Тина не сдержалась и начала всхлипывать. Что хотело от нее в этот тяжкий час ее родное дитя – угробить ее окончательно? Мало ей удара со стороны Григора, позора, не говоря уже о всех грядущих последствиях? Отдает ли себе отчет этот звереныш в том, что его ждет?
Всхлипывания перешли в глухой плач. Просчиталась она в своей жизни, жестоко просчиталась еще в тот первый вечер, когда появился расфуфыренный инженер Арнаудов, которым она увлеклась и которому доверилась без оглядки. И вот он – результат, непредполагаемый, а в сущности, закономерный: с сегодняшнего дня она перестает быть Екатериной Блысковой-Арнаудовой, дамой с положением, влиятельным музыкальным редактором, и превращается в Екатерину Неведомо-какую, супругу заключенного…
Она не почувствовала, как рука дочери опустилась на ее плечо, ощутила лишь ее дыхание.
– Мама, извини меня, уж очень гадко у меня на душе… Не могу себе представить, что наш папа – преступник, понимаешь… Ненавижу хромого дьявола и его нахальную дочку, но верю дяде Стефану…
Тина продолжала содрогаться от слез.
– Скажи, мы можем ему чем-то помочь?
– Оставь меня!
– И не собираюсь. Я хочу, чтоб мы ему помогли!
– Я же тебе сказала, оставь меня…
Тина сбросила с плеча ее руку. Розалина оперлась спиной о стену, толкнула пальцем подвешенное на гвозде декоративное блюдо, и то, ударившись о кафельный пол, разлетелось вдребезги…
Поздно ночью Роси услышала доносившиеся из гостиной приглушенные аккорды пианино, они подлетали к ее комнате, подобно неприкаянным птицам, натыкались на закрытую дверь и рассыпались по дому, а за ними следовали другие. А может быть, это возвращались прежние? Мать играла Шопена, своего любимого Фредерика, романтическая смесь польской и французской крови, которой ей всегда так не хватало. Бедная, она хваталась за свою последнюю утеху, воздушную, забытую за долгие годы предательски обманчивого благополучия. А что прикажете делать ей, Розалине, только шагнувшей в эту жизнь, не верящей даже милому Фредерику?
Утром, укрыв одеялом заснувшую на кушетке, в одежде, мать, Роси села на трамвай и отправилась к дому Ивана.
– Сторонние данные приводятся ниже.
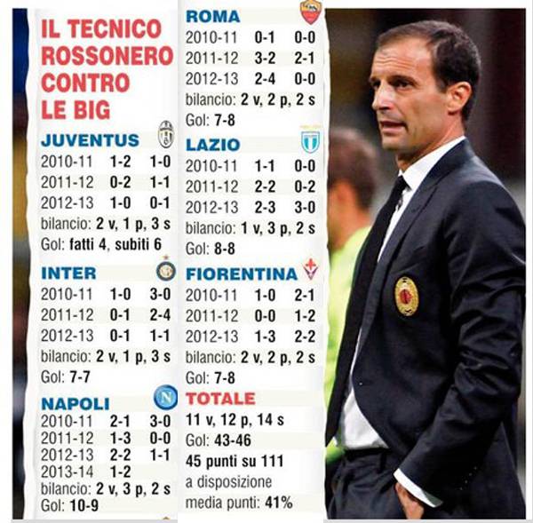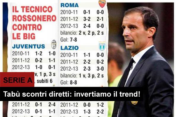 MILAN TABU’ SCONTRI DIRETTI – Sono un vero e proprio tabù gli scontri diretti per il Milan di Massimiliano Allegri. Come sottolineato stamane dal Corriere dello Sport con apposita grafica, il Diavolo ha ottenuto 24 punti su 36 durante la stagione dello scudetto (il primo anno di Allegri), invertendo però clamorosamente in trend nelle due annate successive durante le quali i rossoneri hanno totalizzato solamente 21 punti su 72 totali, una percentuale misera del 30%. La stagione da poco iniziata sta confermando questo trend negativo con la sconfitta interna contro il Napoli: domani sera sarà la volta buona per invertirlo?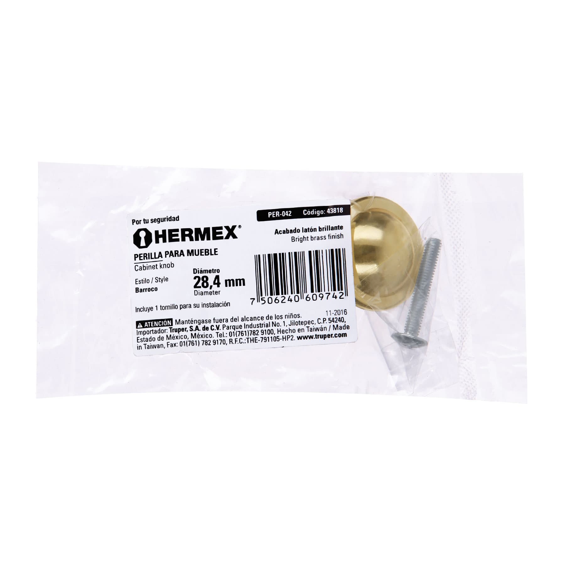 Perilla metálica estilo ‘Barroco’, latón brillante, HERMEX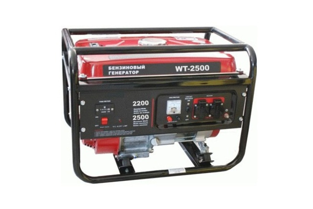 Бензогенератор WATT WT-2500 Макс. мощность 2,5 кВт. Номин. напряжение 220 В. Объем топливного бака 15 л. Вид топлива АИ-92. Вес 45 кг.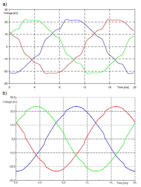 The voltage and current waveforms in a power grid sometimes significantly diverge from a sinusoid. Current distortions most often result from a non-linearity of loads. Distortions in voltage waveforms result from a distorted current flowing through the supply network, from switching processes and resonance phenomena. An increased content of higher harmonics in the voltage is also affected by the fact that “distorting” (non-linear) loads are supplied with already distorted voltage. This also leads to an additional (secondary) distortion in their current waveforms and, in consequence in the voltages in the supply network. An increased content of harmonics is also affected by the asymmetry of the supply voltage.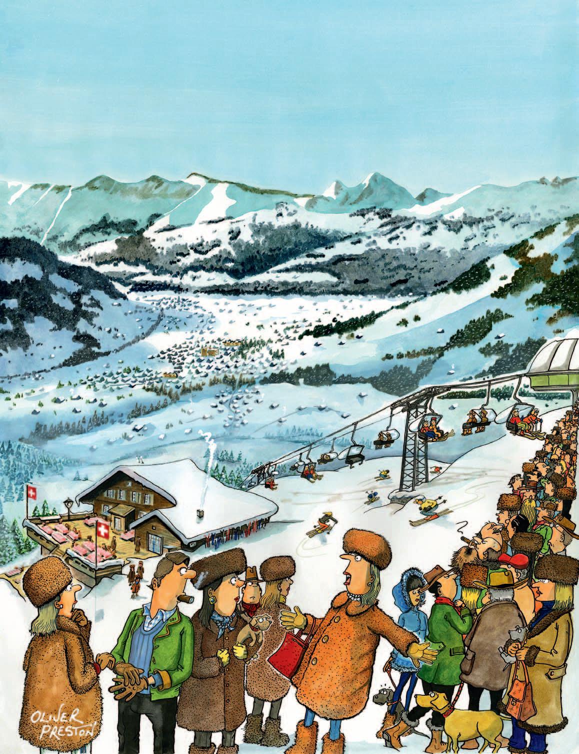 | CARTOON: © Oliver Preston | GSTAAD SAANENLAND TOURISMUS: Tél. +41 (0)33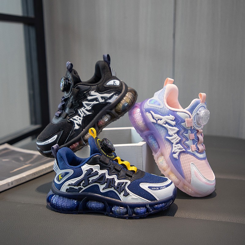 子供靴の女の子の春秋の金の2024新型の子供の運動靴の回転ボタンの男の子のお父さんの靴のファッションのつづり
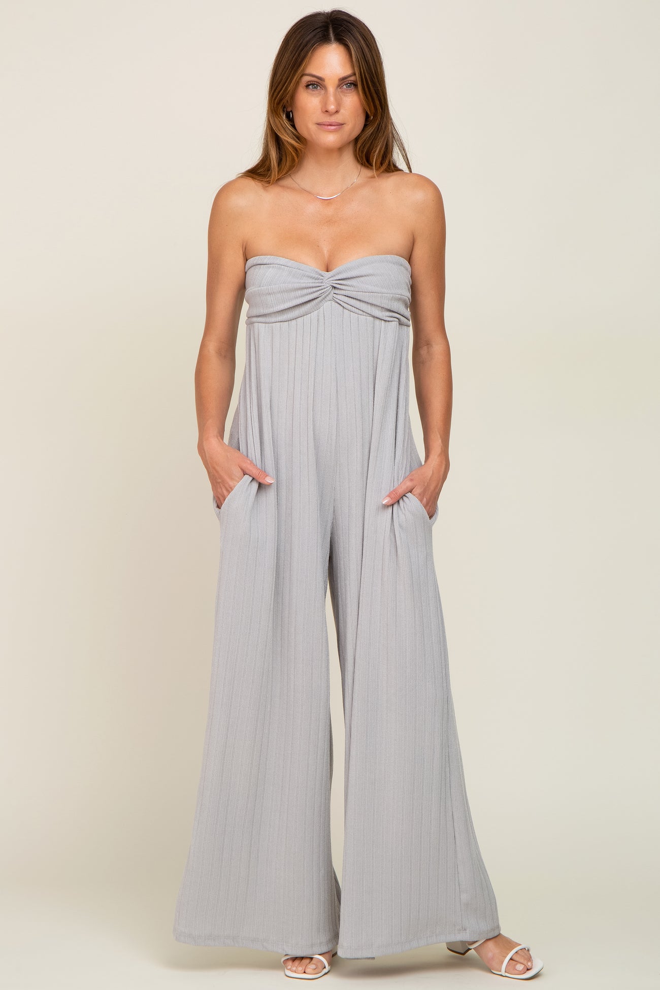 A knit jumpsuit that is strapless with a sweetheart neckline, front twist top, a smocked back, side pockets, and wide leg pants.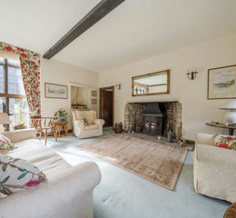 A former barn which has been thoughtfully extended and modernised over the last twenty years to offer a very comfortable family village house. From the hallway there is access to the library/TV room with an open fire and a triple aspect. There is a large dining room with floor to ceiling windows and French doors leading to the sitting room.

Она уже подзабыла, его точное месторасположение, и ей пришлось возвращаться назад два квартала. Застала Ивана за починкой прогнившего козырька над входной дверью. Он спустился со стремянки и сухо подал ей руку.
– Неужели не пригласишь меня войти? – вместо приветствия спросила Роси.
– Там беспорядок…
– Главное, чтобы здесь был порядок, – Роси указала на грудь, и ее слова вызвали у Ивана удивление.
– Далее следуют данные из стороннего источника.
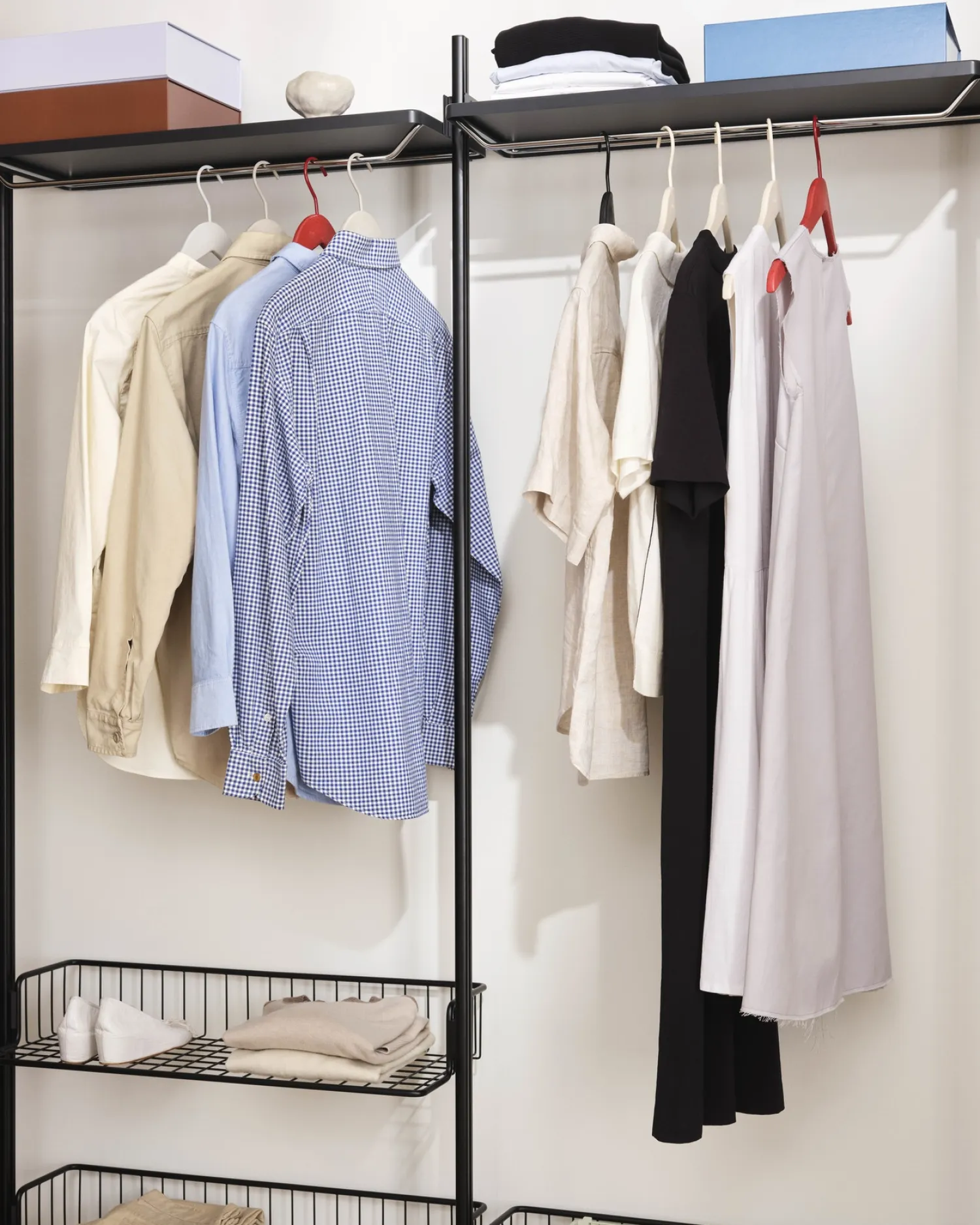 Den sorte farve og det enkle design passer ind i enhver indretning. Du får både en tøjstang til beklædning og en bundkurv til mindre genstande. Den robuste konstruktion i anodiseret stål sikrer, at reolen holder sig flot i mange år.

Они вошли в кухню с ветхими стенами и облупившейся штукатуркой, но чистенькую. Бедность оставила свой след на каждом предмете обстановки, и Роси припомнилось разбитое накануне декоративное блюдо, осколки которого так и остались валяться на полу.
– Иван, моего отца арестовали, – напрямик выпалила она и рассказала все, что знала. Иван был явно озадачен. – Знаю, что ты ничем не можешь мне помочь… Я пришла просто так, поплакаться тебе.
– Поставить чаю?
– Спасибо, считай, что мы уже его выпили…
– Тут осталось немного ракии… Ты не за рулем?
Роси даже забыла, что у нее есть машина. Налили по рюмке крепкой сливовой, пили молча.
– Ты играешь? – ощущая стеснение, спросила Роси.
– Играю, а ты?
Роси криво усмехнулась.
– Скоро заиграю. Реквием.
– Ну, перестань… Всякое может случиться.
– Напрасно ты меня жалеешь, я того не заслуживаю.
– Ты-то в чем виновата?
– Я – дочь товарища, пардон, гражданина Арнаудова… – и она нервно засмеялась.
– Может быть, он невиновен.
– Не может, Ваня, – она бросила на Ивана резкий взгляд. – Я хочу узнать правду, понимаешь?
Иван закатывал провисший рукав рубашки.
– Не понимаешь…
– Отчего же не понимаю?..
– Да потому что ты меня не знаешь.
– Я думаю, мы достаточно знаем друг друга, Роси.
– Хочешь, я тебе скажу что-то важное и настоящее?
Иван перешел на другой рукав.
– Слушай и оставь этот проклятый рукав в покое… Я не жалею, что тебе доверилась, и вообще…
Она заметила, как у него дернулся кадык.
– Не веришь мне. Считаешь меня эмансипированной шлюхой, которая плачется тебе в жилетку. Ну хорошо, делай со мной, что тебе вздумается. Прямо здесь, на полу…
Роси расстегнула блузку и оголила грудь. Они пристально глядели друг другу в глаза, потом Иван приблизился к ней и застегнул пуговицы.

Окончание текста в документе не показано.